More human than human




Have you seen Westworld? The new TV series from HBO? You should, it's very good. And it's sort of about video games.

HBO seem to be positioning the show as a high profile, Game of Thrones like property - presumably because they're currently panicking about what happens when we have to leave Westeros in a couple of years time. They'll do a Thrones prequel, I reckon.

But if they don't, I think Westworld might do pretty well as a cornerstone of their schedules, because it's great. The basic premise, which is based on a 70s film of the same name, is this. There is a theme park, like Jurassic Park, except instead of them having dinosaurs, they have robot cowboys.

In fact, they have more than just cowboys. They have a whole town full of sophisticated android bartenders, whores, heroes, villains, and mad old men in splendid hats. Customers go there to have a wonderful holiday, immersing themselves in a believable artificial world. The android hosts, meanwhile, believe that they are real, and have their personalities reset each night, no matter what happened to them in the day.

There are lots of reasons to recommend the show. It looks fantastic. The plot is intricate and enjoyable, with lots of different strands to follow and a huge cast of characters. And the story asks interesting questions about God, man, responsibility, humanity, memory - all that cool stuff.

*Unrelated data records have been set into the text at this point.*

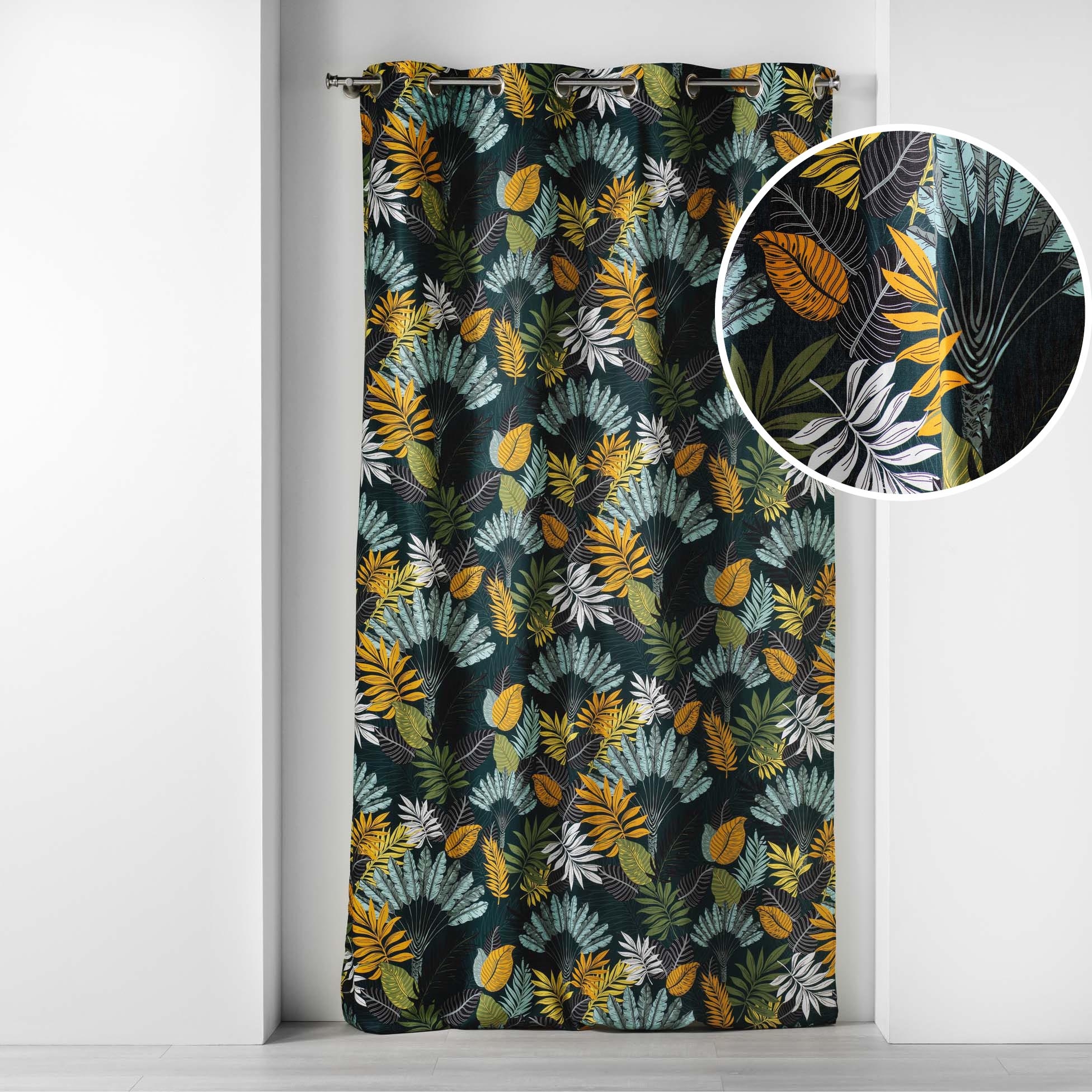 Donnez du caractère à votre intérieur avec le rideau Panazio. Son motif feuillage tropical bleu, jaune et vert sur fond foncé crée une ambiance exotique et chaleureuse. Conçu en coton, il offre un tombé souple et élégant, parfait pour habiller vos fenêtres avec style.
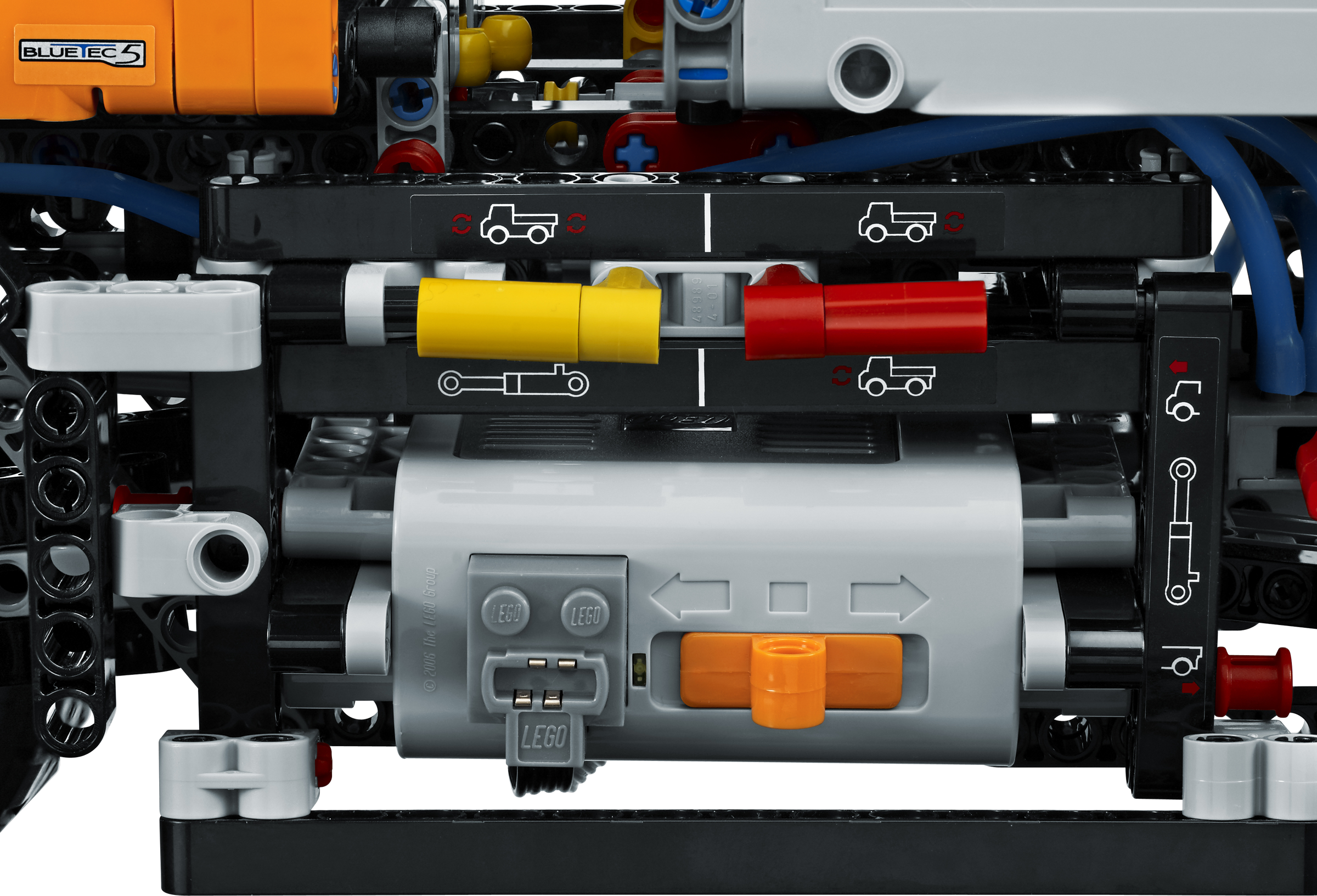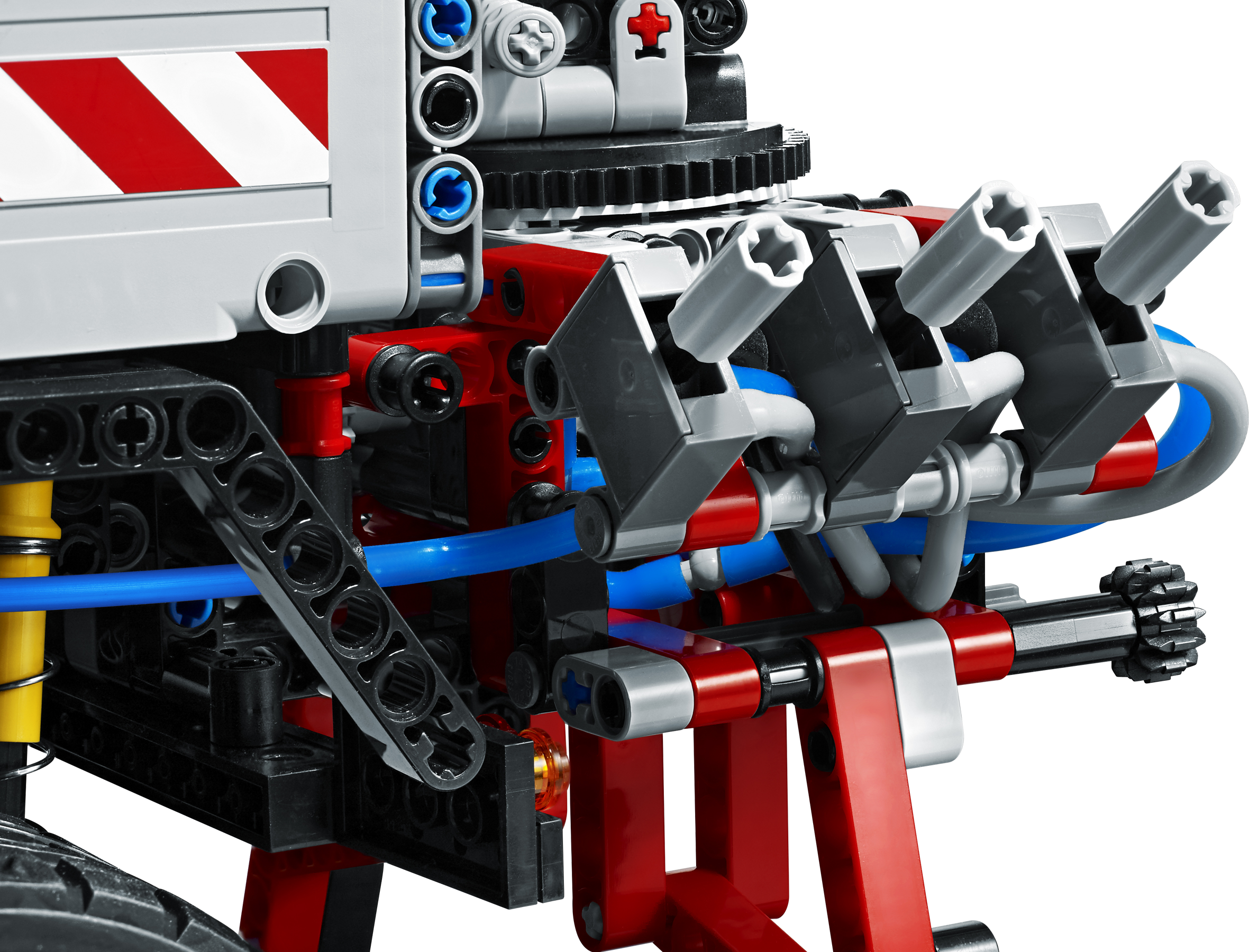 Features pneumatically-powered, articulated crane with working grabber and winch powered by LEGO® Power Functions
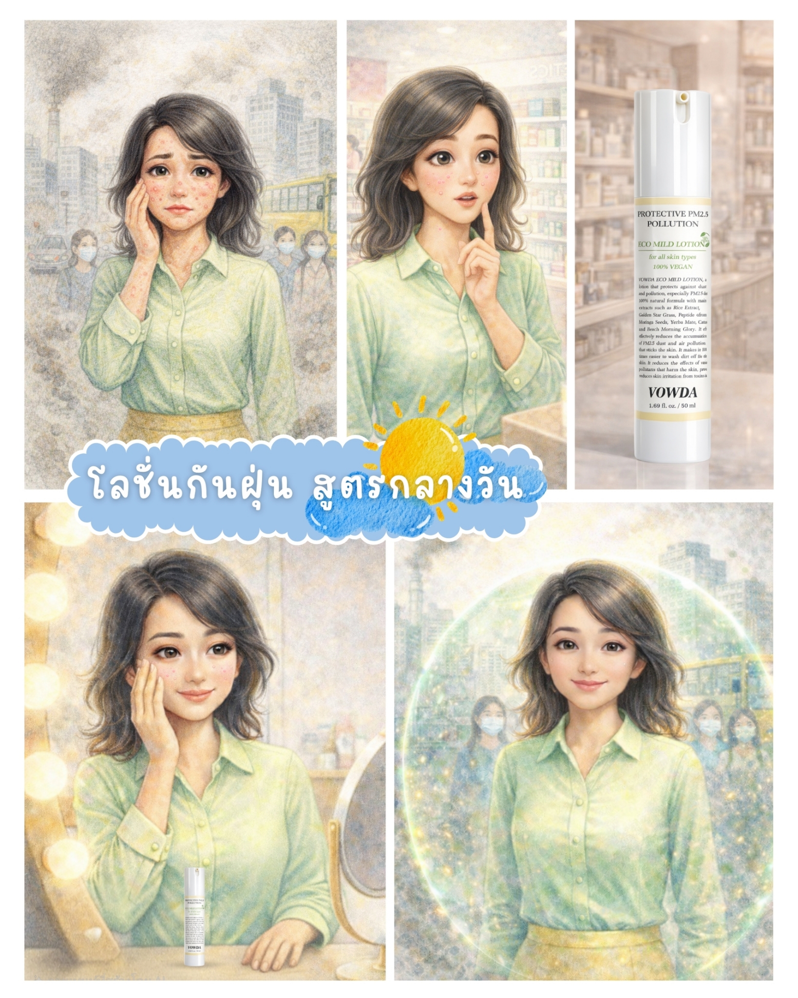 VOWDA ECO MILD LOTION, a lotion that protects against dust and pollution, especially PM2.5 dust. 100% natural formula with main extracts such as Rice Extract, Golden Star Grass, Peptide from Moringa Seeds, Yerba Mate, Cactus and Beach Morning Glory. It effectively reduces the accumulation of PM2.5 dust and air pollution that sticks to the skin. It makes it 8 times easier to wash dirt off the skin. It reduces the effects of various pollutants that harm the skin, prevents premature wrinkles and dull skin, and reduces skin irritation from toxins in the air.
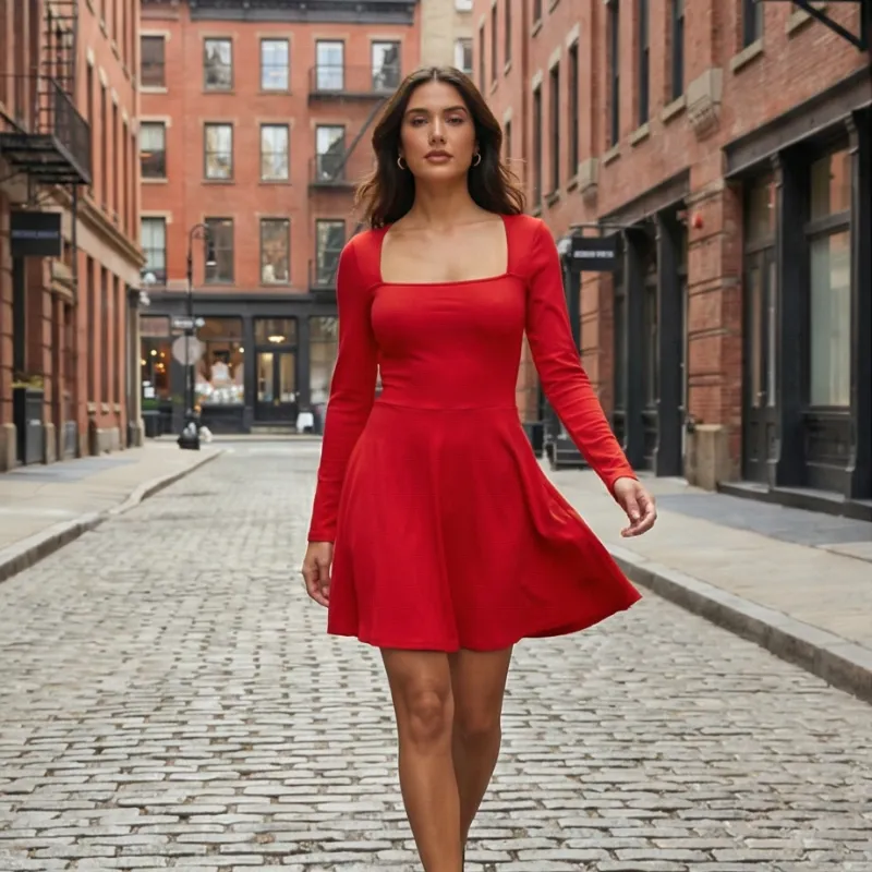 Vestido con falda amplia y mangas largas que estiliza la figura. Elegante y cómodo, ideal para cualquier ocasión especial

And it seems to be talking about video games. The essential premise is startlingly close to the experience of playing a AAA, open world game. Timely, given the recent announcement of Red Dead Redemption 2. Just like players of Rockstar's epic original game, the guests at Westworld get to play at being cowboys, interact with NPCs, go on missions and shoot people in the face. All safe in the knowledge that they can't really get hurt.

It seems like the show is very deliberately commenting on the fact that we, as a culture, spend a lot of time playing games like this. The creators of the theme park, who spend their time in a vast, futuristic underground complex, are the game designers.

In episode one, we get this, from one of those designers:

"You keep making things more lifelike. But does anyone truly want that? Do you want to think that your husband is really sleeping with that beautiful girl or that you really just shot someone? This place works because the guests know the hosts aren't real."

A very interesting comment, I thought, on what we want from games. One one hand, the pleasure of play comes from transgression - doing things that we're not allowed to in the real world. It's not enough to just exist in the pretend world. We must make the most of our opportunity to misbehave whilst there are no consequences. So we kill, and we steal, and we treat the artificial inhabitants badly.

But if it gets too real, then it stops being fun. We might enjoy the thrill of a perfect headshot in Red Dead, but very few of us would enjoy the prospect of real violence if it burst into our actually-happening-now lives. And the closer games get to real experience, the more they risk losing their appeal.

I'm still enjoying Uncharted 4. But there's one little bit of it that I don't like. The crunch and snap when Nathan breaks a soldier's neck. For some reason I'm fine blowing their head off with a shotgun, but that neck snapping noise sends a shiver through me. I think it gets a little close to reality, and I can sort of feel it. Brrrr.

The guests in Westworld are shown as nice, normal people who can commit incredible acts of cruelty and violence once they find there are no consequences. I wonder, do they do it because they know that they won't be punished? Or because they know that no-one is really getting hurt?

And what does that say about our urges to kill things, as gamers?


1 comment:

  1. I was planning a session on bugs found in games as i watched episode 1... it's crazy how close it is and how well the creators of the show have implemented these themes.

    I see the entire world and idea as just an expansion on our current "VR" tech. It's feels the exact same and something will happen as natural progression. Not sure how I feel about this....

    The aspects of 3D which is what I love are also implemented so well into the show where you see people physically sculpting their creations just as current tech shows just in a more advanced version.

    Episode 2 has some great parts in it about story development and what a "viewer" wants.

    I currently love the show and am about to watch episode 3.